§ **SUPPLIED INFORMATION**
============

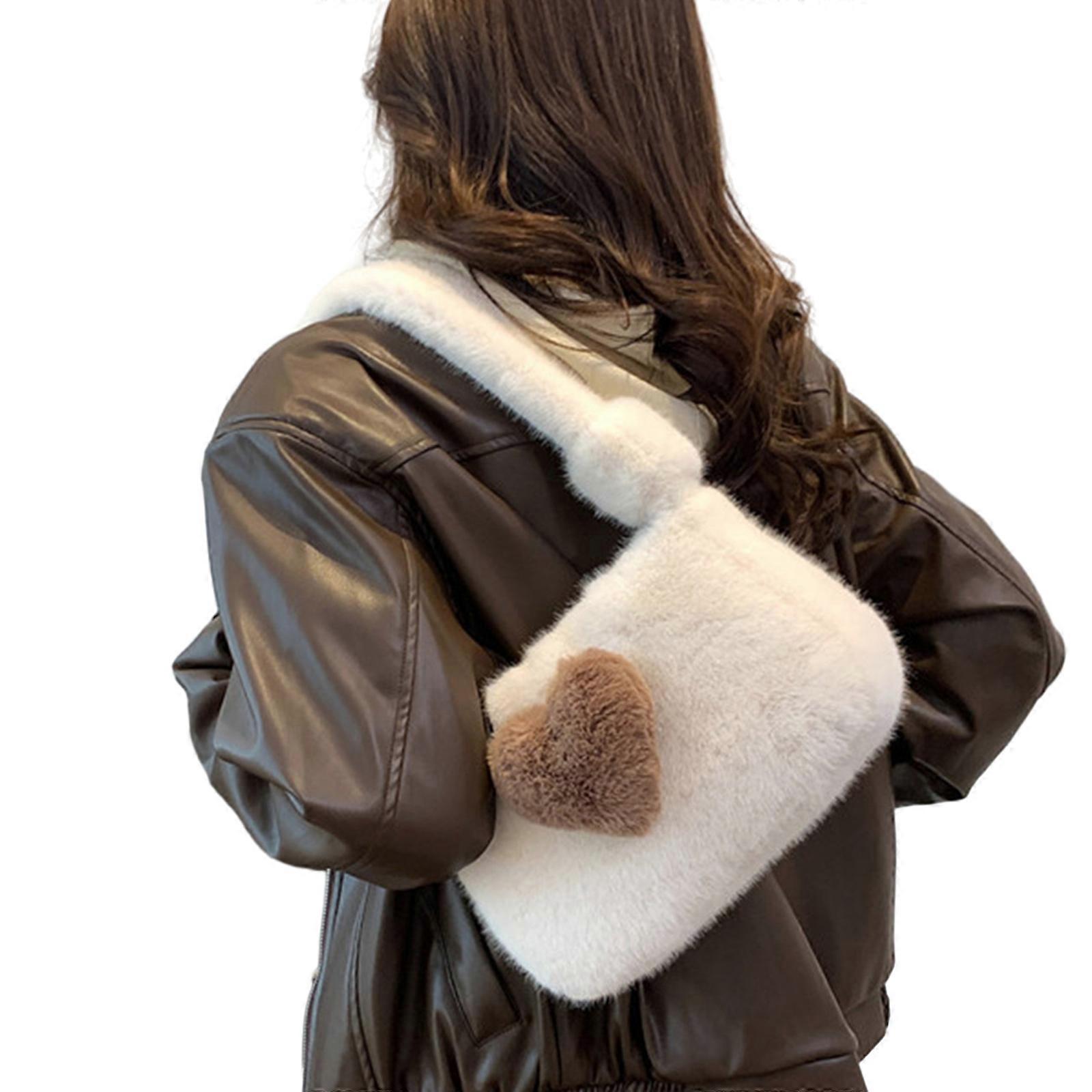 Fashion Armpit Bag Large Capacity Fluffys Shoulder Bag for Girl Women with Heart Pattern Trendy Handbag Underarm Bag White
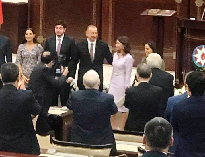 Azərbaycan Respublikasının Prezidenti İlham Əliyev əlini Azərbaycan Respublikası Konstitusiyasının üzərinə qoyaraq and içib:
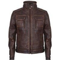 A stunning jacket with a distinctive, distressed appearance which is crafted from butter soft Nappa leather. It features a chunky YKK zip fastening and a high stand collar which can be held shut with a press stud buckle. On the chest are two flap, patch pockets adjacent to a pair of vertical zip pockets while two hand warmer pockets at the waist have press stud closures. This jacket is a perfect blend of the rugged and iconic biker look and is this seasons must have item in your wardrobe. Available in o...
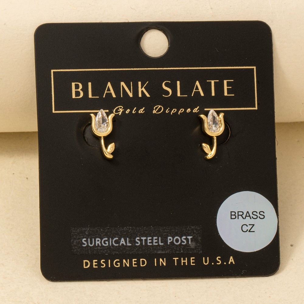 • Perfect for any occasion, this pair of stud earrings highlights a special gold dipped cubic zirconia teardrop tulip design. Add a touch of glamour to your wardrobe with this versatile pair of stud earrings, perfect for enhancing the elegance of any look. Available in G, S. This item is sold in packs of 1.
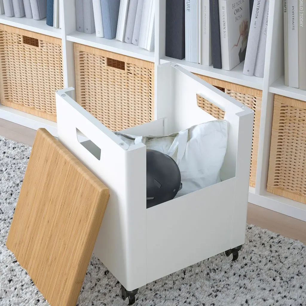Универсальное решение, которое можно использовать для хранения самых разных вещей, например велосипедного шлема, рюкзака или офисных принадлежностей. Бамбуковая крышка сделает интерьер теплее и уютнее.

============

Working from the entries above, reproduce exactly and only the lines beginning with the line that has "Azərbaycan Respublikasının Prezidenti" and ending with the line that has "A stunning jacket"; omit all pictures.

 Azərbaycan Respublikasının Prezidenti İlham Əliyev əlini Azərbaycan Respublikası Konstitusiyasının üzərinə qoyaraq and içib:
 A stunning jacket with a distinctive, distressed appearance which is crafted from butter soft Nappa leather. It features a chunky YKK zip fastening and a high stand collar which can be held shut with a press stud buckle. On the chest are two flap, patch pockets adjacent to a pair of vertical zip pockets while two hand warmer pockets at the waist have press stud closures. This jacket is a perfect blend of the rugged and iconic biker look and is this seasons must have item in your wardrobe. Available in o...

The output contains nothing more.